1. This second appeal arises out of a suit filed by plaintiff-respondent for cancellation of a decree passed by the Revenue Court on the ground that the said decree was obtained by the defendant-appellant under fraud which prevented the plaintiff-respondent from coming to know of that decree. The suit was dismissed by the trial Court but decreed by the lower appellate court. Hence this second appeal.

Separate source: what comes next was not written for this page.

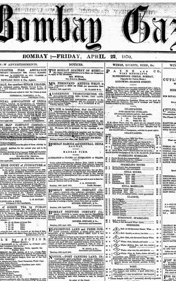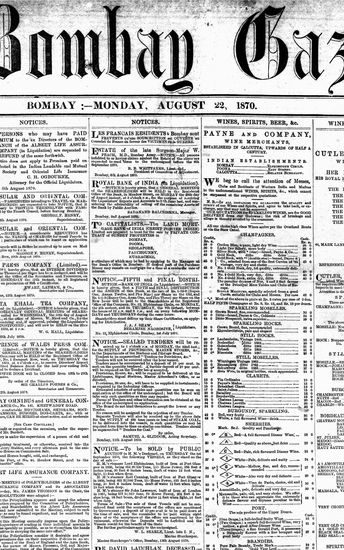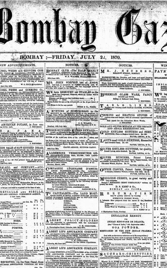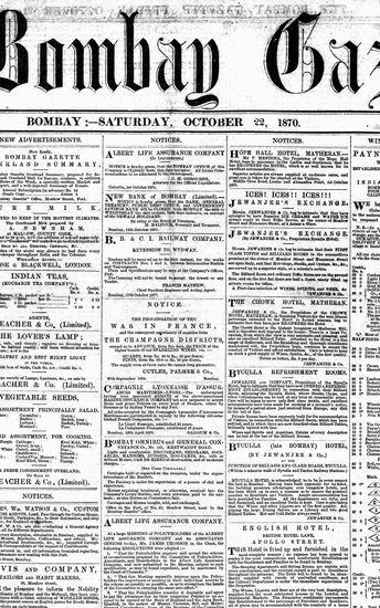 The Bombay Gazette, 22 October 1870

2. The relevant facts were that the appellant filed a suit under Section 59 of the U. P. Tenancy Act in the Revenue Court against the appellant for a declaration that he had acquired hereditary tenancy rights in a plot under Section 180 (2) of the said Act Summons of that suit was issued to the respondent but the same could not be served on him personally. The appellant then applied that substituted service may be effected on him under Order V, Rule 20, Civil Procedure Code. The Revenue Court allowed that application and directed that service shall be effected by beat of drum in the locality in which the respondent resided and also by affixation of the summons at some conspicuous place in the Court. It was done accordingly. Even after that the respondent did not put in appearance on the date fixed and the suit was decreed ex parte in 1953. In the year 1956 the respondent filed the suit out of which this appeal has arisen alleging that he was prevented from having any information of that suit due to the fraud of the appellant and for that reason he could not contest that suit. He, therefore, wanted that the said decree may be cancelled.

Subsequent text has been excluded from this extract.